The growth of anti-slavery sentiment among Europeans made slow progress against vested African and European interests that were reaping profits from the traffic. Although individual clergymen condemned the slave trade as early as the 17th century, major Christian denominations did little to further early efforts at abolition. The Quakers, however, publicly declared themselves against slavery as early as 1727. Later in the century, the Danes stopped trading in slaves; Sweden and the Netherlands soon followed.

In 1807, Britain used its naval power and its diplomatic muscle to outlaw trade in slaves by its citizens and to begin a campaign to stop the international trade in slaves. The importation of slaves into the United States was outlawed in 1808. These efforts, however, were not successful until the 1860s because of the continued demand for plantation labor in the New World.

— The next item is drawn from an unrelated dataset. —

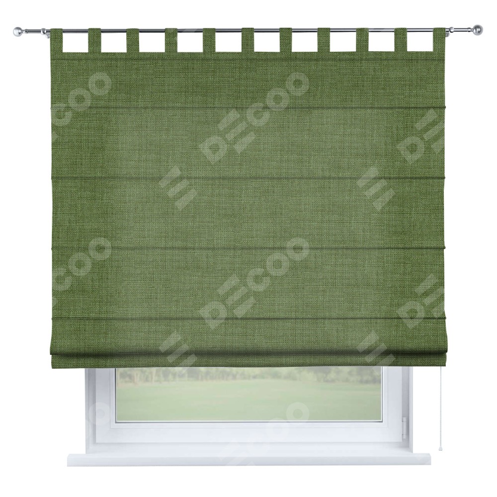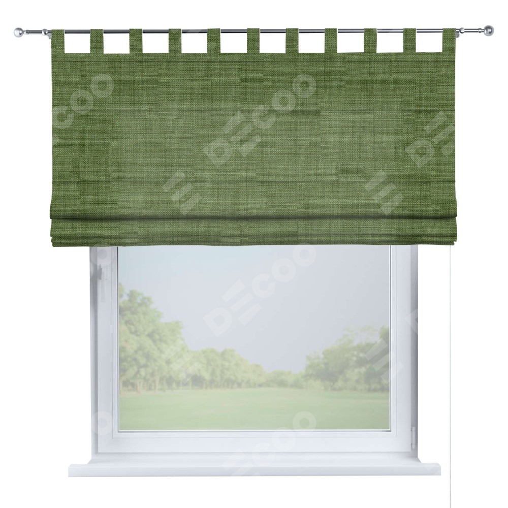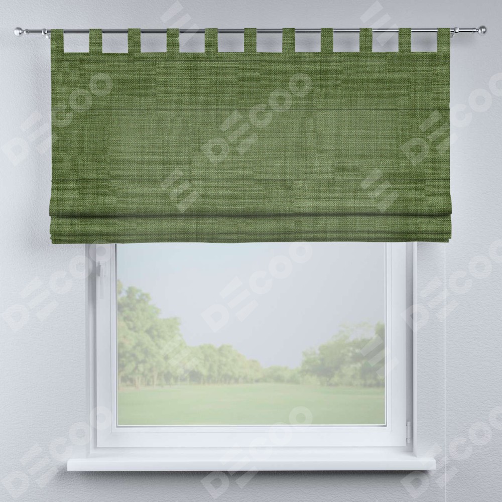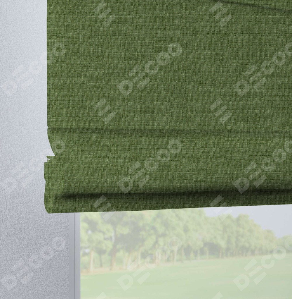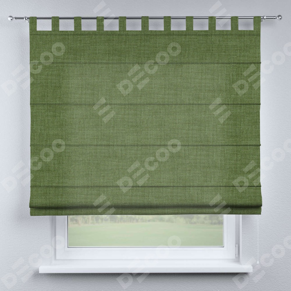 Римская штора производителя «Cortin», используется для проёма, пошита из ткани лён зелёный, артикул ткани 131547. Данная модель пошита на петлях, комплектуется на выбор круглым карнизом и подходит для монтажа на стену. Римская штора на петлях имеет простую систему регулировки высоты, отличительным преимуществом данной модели является простой способ монтажа. Достаточно повесить ее на трубу и штора готова!

Because it took decades to end the trade in slaves, some historians doubt that the humanitarian impulse inspired the abolitionist movement. According to historian Eric Williams, for example, Europe abolished the trans-Atlantic slave trade only because its profitability was undermined by the Industrial Revolution. Williams argued that mass unemployment caused by the new industrial machinery, the need for new raw materials, and European competition for markets for finished goods are the real factors that brought an end to the trade in human cargo and the beginning of competition for colonial territories in Africa. Other scholars, however, disagree with Williams, arguing that humanitarian concerns as well as social and economic factors were instrumental in ending the African slave trade.